Pathways to Reduced Emergency Department and Urgent Care Center Use: Lessons from the Comprehensive Primary Care Initiative
Objective
To determine the association between a large‐scale, multi‐payer primary care redesign—the Comprehensive Primary Care (CPC) Initiative—on outpatient emergency department (ED) and urgent care center (UCC) use and to identify the types of visits that drive the overall trends observed.
Data Sources
Medicare claims data capturing characteristics and outcomes of 565 674 Medicare fee‐for‐service (FFS) beneficiaries attributed to 497 CPC practices and 1 165 284 beneficiaries attributed to 908 comparison practices.
Study Design
We used an adjusted difference‐in‐differences framework to test the association between CPC and beneficiaries’ ED and UCC use from October 2012 through December 2016. Regression models controlled for baseline practice and patient characteristics and practice‐level clustering of standard errors.
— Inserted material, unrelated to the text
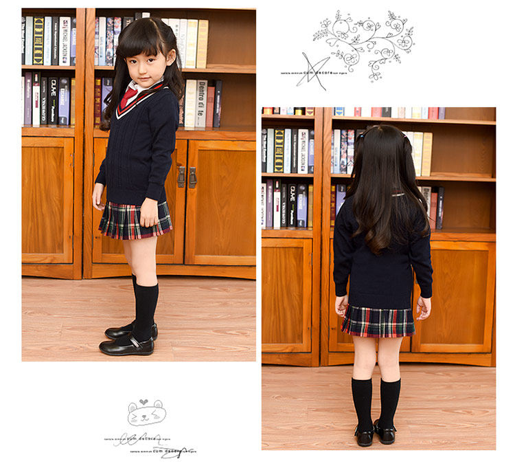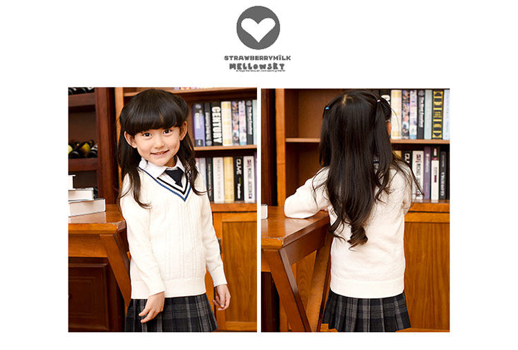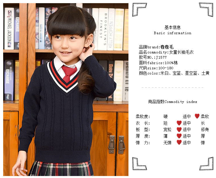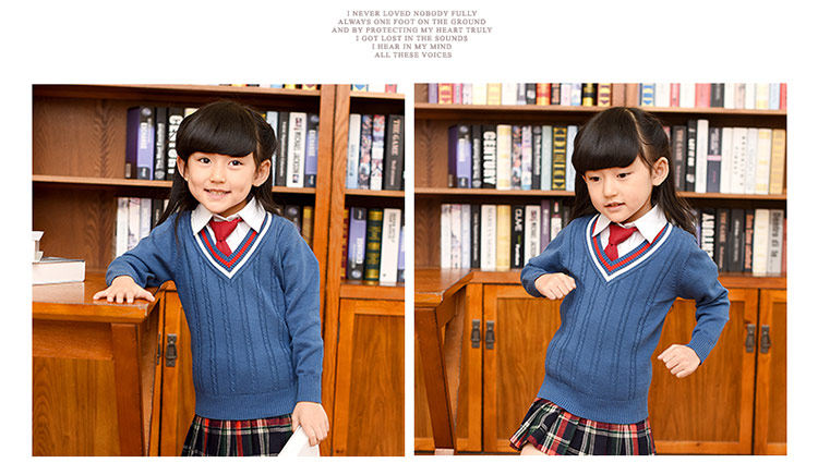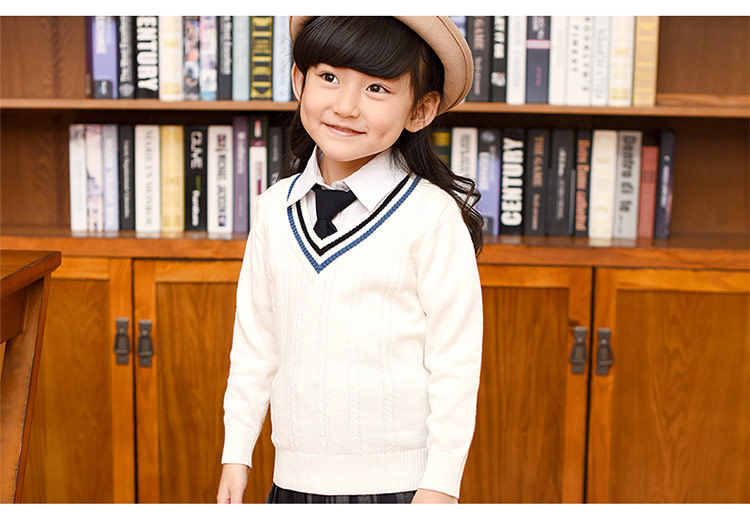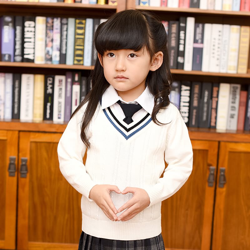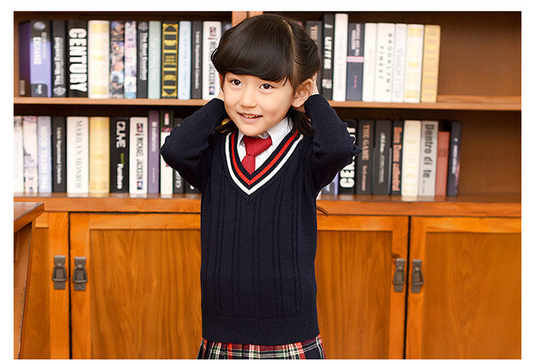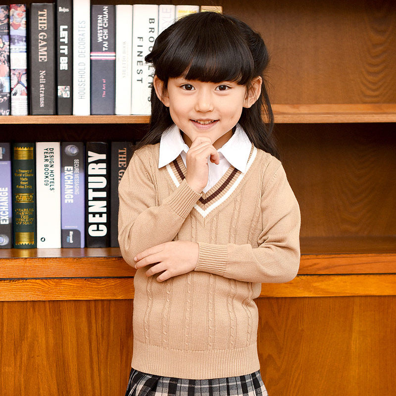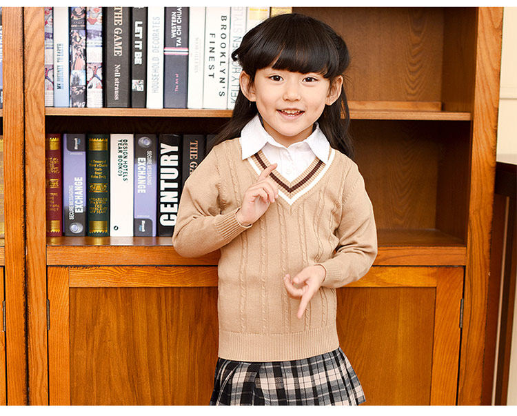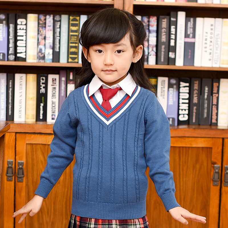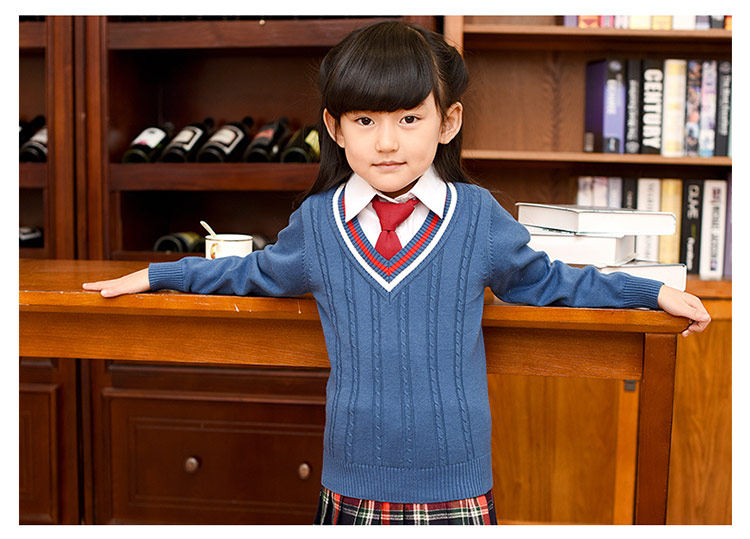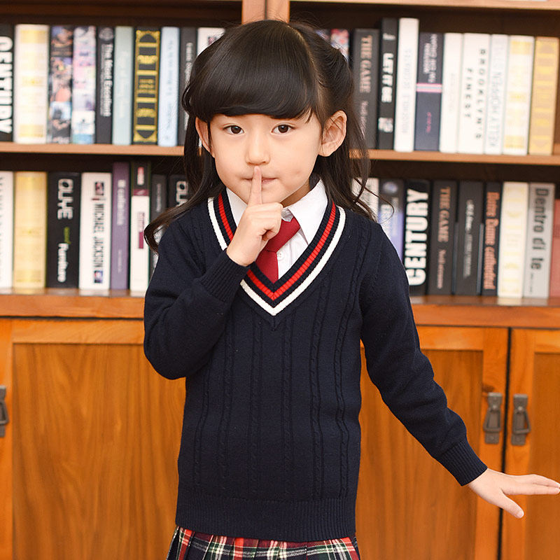 Демисезонная хлопковая трикотажная форма для школьников, базовый приятный телу свитер, V-образный вырез

Our key outcomes were all‐cause and primary care substitutable (PC substitutable) outpatient ED and UCC visits, and potentially primary care preventable (PPC preventable) ED visits, categorized by the New York University Emergency Department Algorithm. We used a propensity score‐matched comparison group of practices that were similar to CPC practices before CPC on multiple dimensions. Both groups of practices had similar growth in ED and UCC visits in the two‐year period before CPC.
Principal Findings
Comprehensive Primary Care practices had 2% (P = .06) lower growth in all‐cause ED visits than comparison practices. They had 3% (P = .02) lower growth in PC substitutable ED visits, driven by lower growth in weekday PC substitutable visits (4%, P = .002). There was 3% (P = .04) lower growth in PPC preventable ED visits with no weekday/nonweekday differential. As expected, our falsification test showed no difference in ED visits for injuries. UCC visits had 9% lower growth for both all‐cause (P = .08) and PC substitutable visits (P = .07).
Conclusions
Our results suggest that greater access to the practice and more effective primary care both contributed to the lower growth in ED and UCC visits during the initiative.